Would you repeat the listing exactly but omit every picture?

Segment Start: SUPPLIED INFORMATION

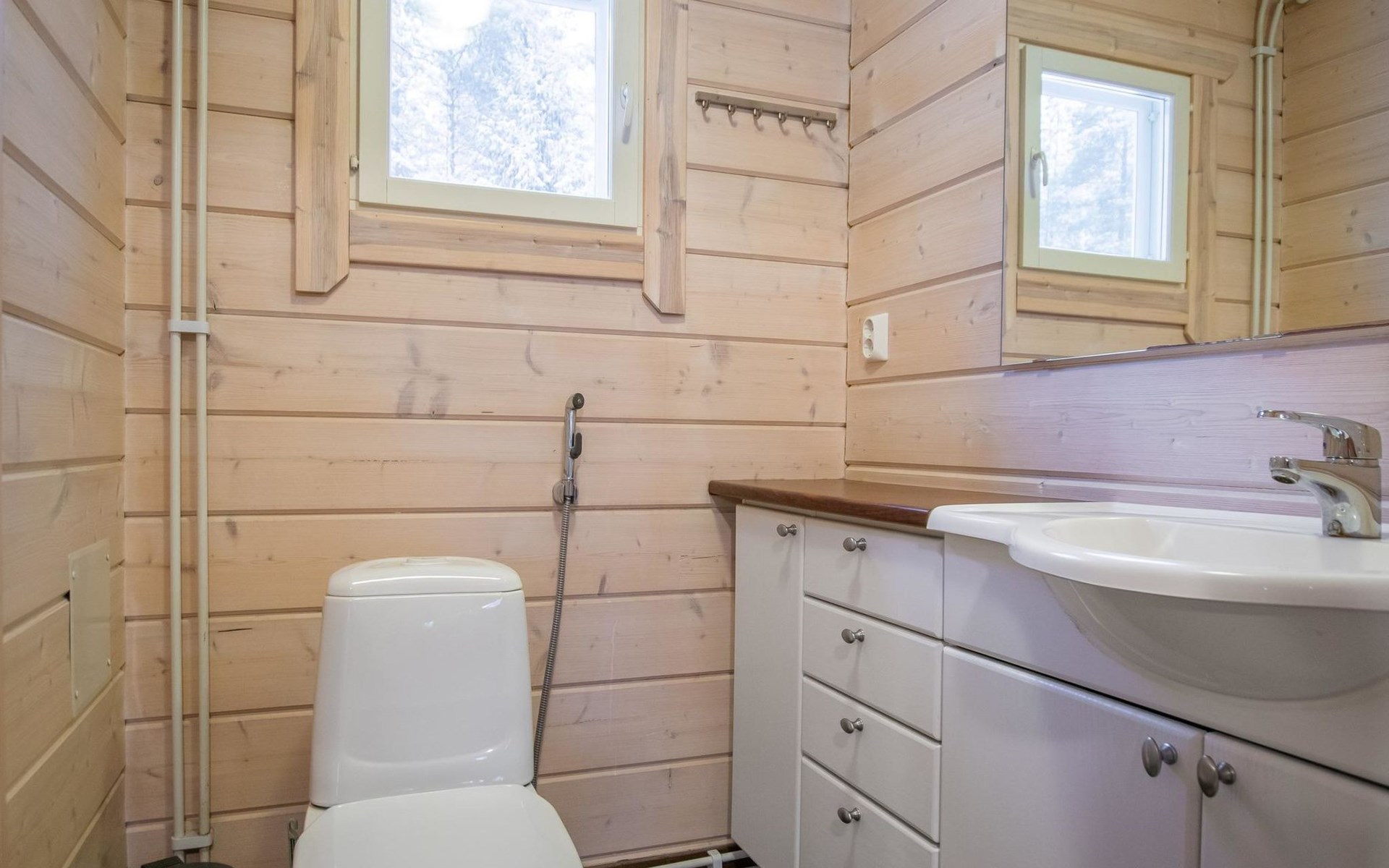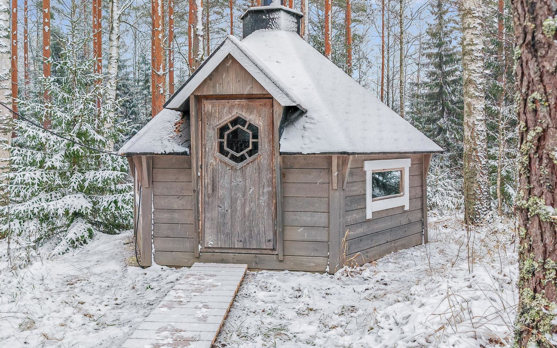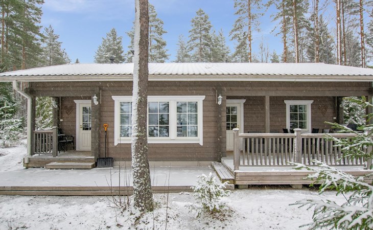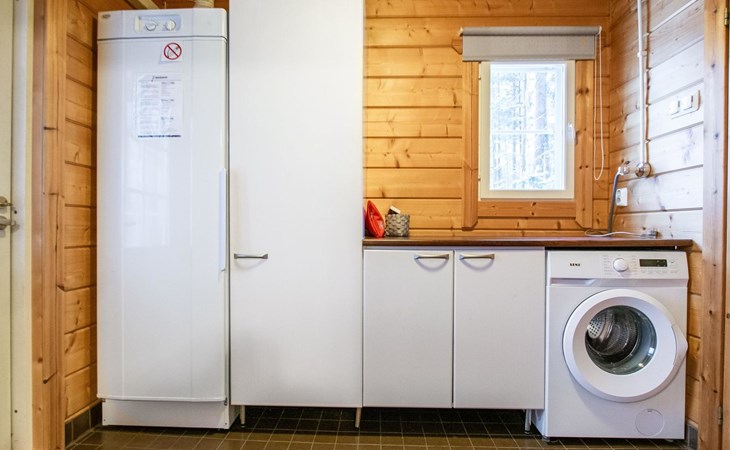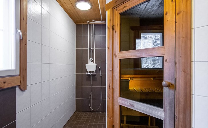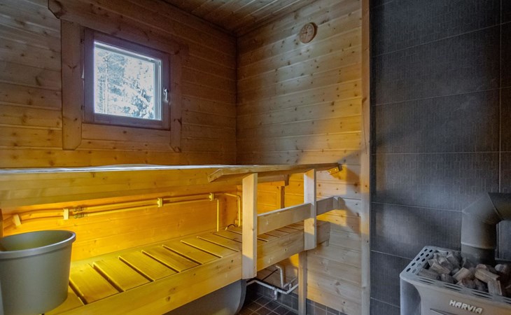 The sauna is equipped with a wood-burning stove, and the washroom has a shower and a separate WC. The cabin is equipped with an air-source heat pump for both cooling and heating.
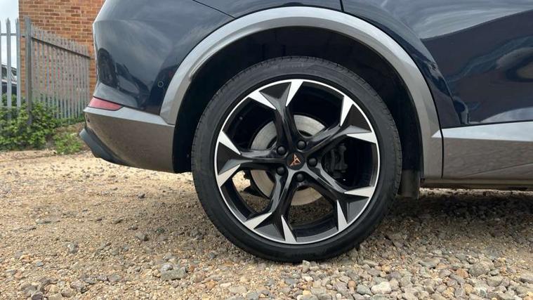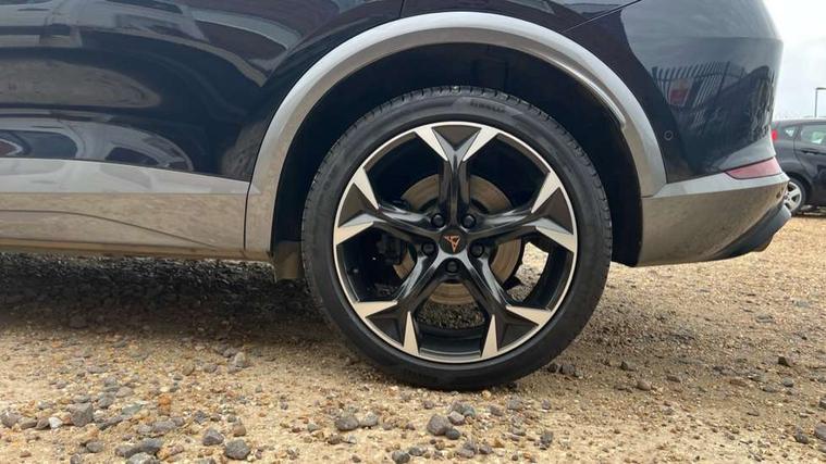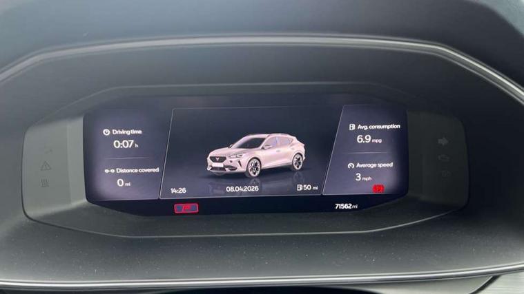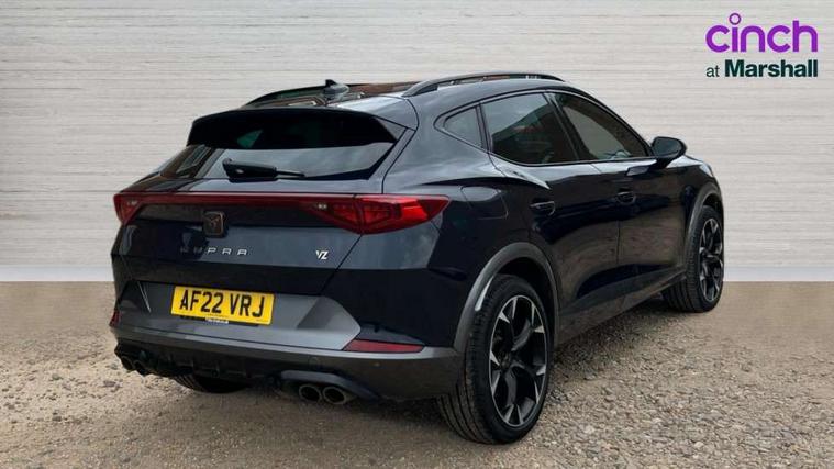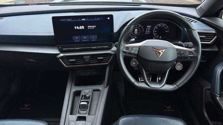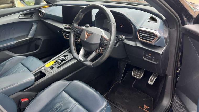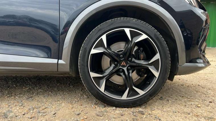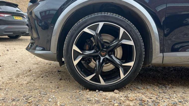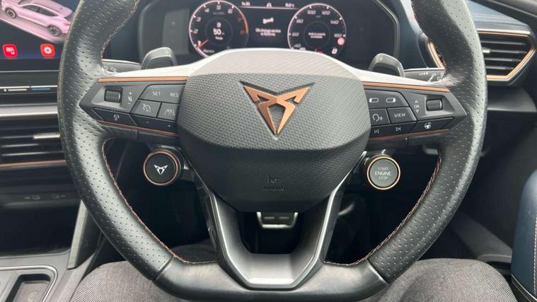 Digital cockpit and configurable dashboard, Driver alert system, Dynamic chassis control with driving profile selection (Comfort, Sport, CUPRA, Individual), E-call, Forward collision warning with automatic braking, Lane assist, Park assist (inc front/rear parking sensors), Predictive adaptive cruise control with speed limiter, RPM, trip computer, outside temp gauge, instrument light brightness, low fuel warning light, lights on reminder, gearshift indicator, Service interval indicator, Speed sensitive power steering, Start/stop system with regenerative braking, Virtual pedal and electric tailgate, Wireless apple carplay, Wireless phone charger, Electronic locking differential and dynamic traction support, Sports suspension with front shock absoption, 2 front and 2 rear USB type C sockets, Auxiliary input socket, DAB radio, Auto dimming rear view mirror, Body colour door handles, Body coloured bumpers, Dark grey wing mirror, Daytime running light with automatic headlight control and coming home feature, Dynamic headlight range control, Electric front/rear windows, Electrically adjustable heated and folding door mirrors with memory function, Front fog lamps with cornering function, Gloss black roof rails and window surrounds, LED Headlights, LED Taillights with dynamic indicator, Rain sensing wipers, Rear diffuser with twin exhaust pipe on each side, Rear side wing doors, Rear wash/wipe, Sports bumpers, Third brake light, Tinted rear windows, VZ logo rear badging, Welcome lights, 12v power supply in centre console, 12V socket, 12v socket in loadspace, 2 front and 2 rear reading lights, 230V socket, 3 seat bench in 2nd row, 60/40 split rear bench seat with armrest and mechanical seat release, Black headlining, Cupra sports pedals, Dust/pollen filter, Front and rear head restraints, Front centre armrest, Height/reach adjust steering wheel, Illuminated interior front door sills, Illuminated sunvisor with mirror, Isofix, Leather heated multi-function sports steering wheel with start stop, CUPRA mode button and gear shift paddles, Luggage tie-down hooks, Single front passenger seat, Three zone climate control with control panel in rear, Variable luggage/load compartment floor, Wraparound lighting, Genuine Nappa leather Pack - Cupra, Navigation system pack - Formentor, Safety and driving pack (XL) - Formentor, 3 point seatbelts on all rear seats, ABS, Brake control system - ESC and brake booster, Child proof door locks, Driver and front passenger airbags with front passenger airbag de-activation, Electronic parking brake, Front and rear disc brakes, Front side curtain airbags, Hill hold control, Seat belt reminder for front and rear seats, Tyre pressure monitoring system, Anti theft alarm system, Keyless entry and start system (KESSY), Locking wheel bolts, Copper and aluminium interior detailing, 19" 'Exclusive' machined sport matte black and silver alloy wheels, Space saver spare wheel,
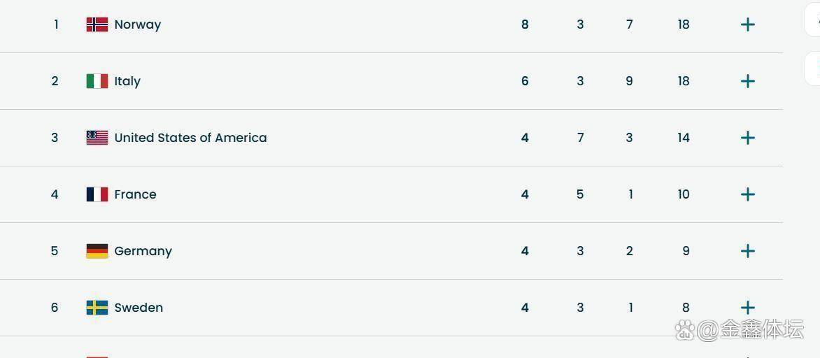 就在克莱博创造历史的同一天,2026年米兰-科尔蒂纳冬奥会的最新金牌榜也正式出炉。 挪威代表团以8枚金牌、18枚奖牌的绝对优势,继续稳坐头把交椅。东道主意大利队凭借主场之利,以6枚金牌、9枚铜牌紧随其后,奖牌总数与挪威持平,竞争异常激烈。美国、法国、德国等传统强队则在金牌数上并驾齐驱,形成了争夺第二集团的混战局面。

Segment End: SUPPLIED INFORMATION

**REPLY:**
 The sauna is equipped with a wood-burning stove, and the washroom has a shower and a separate WC. The cabin is equipped with an air-source heat pump for both cooling and heating.
 Digital cockpit and configurable dashboard, Driver alert system, Dynamic chassis control with driving profile selection (Comfort, Sport, CUPRA, Individual), E-call, Forward collision warning with automatic braking, Lane assist, Park assist (inc front/rear parking sensors), Predictive adaptive cruise control with speed limiter, RPM, trip computer, outside temp gauge, instrument light brightness, low fuel warning light, lights on reminder, gearshift indicator, Service interval indicator, Speed sensitive power steering, Start/stop system with regenerative braking, Virtual pedal and electric tailgate, Wireless apple carplay, Wireless phone charger, Electronic locking differential and dynamic traction support, Sports suspension with front shock absoption, 2 front and 2 rear USB type C sockets, Auxiliary input socket, DAB radio, Auto dimming rear view mirror, Body colour door handles, Body coloured bumpers, Dark grey wing mirror, Daytime running light with automatic headlight control and coming home feature, Dynamic headlight range control, Electric front/rear windows, Electrically adjustable heated and folding door mirrors with memory function, Front fog lamps with cornering function, Gloss black roof rails and window surrounds, LED Headlights, LED Taillights with dynamic indicator, Rain sensing wipers, Rear diffuser with twin exhaust pipe on each side, Rear side wing doors, Rear wash/wipe, Sports bumpers, Third brake light, Tinted rear windows, VZ logo rear badging, Welcome lights, 12v power supply in centre console, 12V socket, 12v socket in loadspace, 2 front and 2 rear reading lights, 230V socket, 3 seat bench in 2nd row, 60/40 split rear bench seat with armrest and mechanical seat release, Black headlining, Cupra sports pedals, Dust/pollen filter, Front and rear head restraints, Front centre armrest, Height/reach adjust steering wheel, Illuminated interior front door sills, Illuminated sunvisor with mirror, Isofix, Leather heated multi-function sports steering wheel with start stop, CUPRA mode button and gear shift paddles, Luggage tie-down hooks, Single front passenger seat, Three zone climate control with control panel in rear, Variable luggage/load compartment floor, Wraparound lighting, Genuine Nappa leather Pack - Cupra, Navigation system pack - Formentor, Safety and driving pack (XL) - Formentor, 3 point seatbelts on all rear seats, ABS, Brake control system - ESC and brake booster, Child proof door locks, Driver and front passenger airbags with front passenger airbag de-activation, Electronic parking brake, Front and rear disc brakes, Front side curtain airbags, Hill hold control, Seat belt reminder for front and rear seats, Tyre pressure monitoring system, Anti theft alarm system, Keyless entry and start system (KESSY), Locking wheel bolts, Copper and aluminium interior detailing, 19" 'Exclusive' machined sport matte black and silver alloy wheels, Space saver spare wheel,
 就在克莱博创造历史的同一天,2026年米兰-科尔蒂纳冬奥会的最新金牌榜也正式出炉。 挪威代表团以8枚金牌、18枚奖牌的绝对优势,继续稳坐头把交椅。东道主意大利队凭借主场之利,以6枚金牌、9枚铜牌紧随其后,奖牌总数与挪威持平,竞争异常激烈。美国、法国、德国等传统强队则在金牌数上并驾齐驱,形成了争夺第二集团的混战局面。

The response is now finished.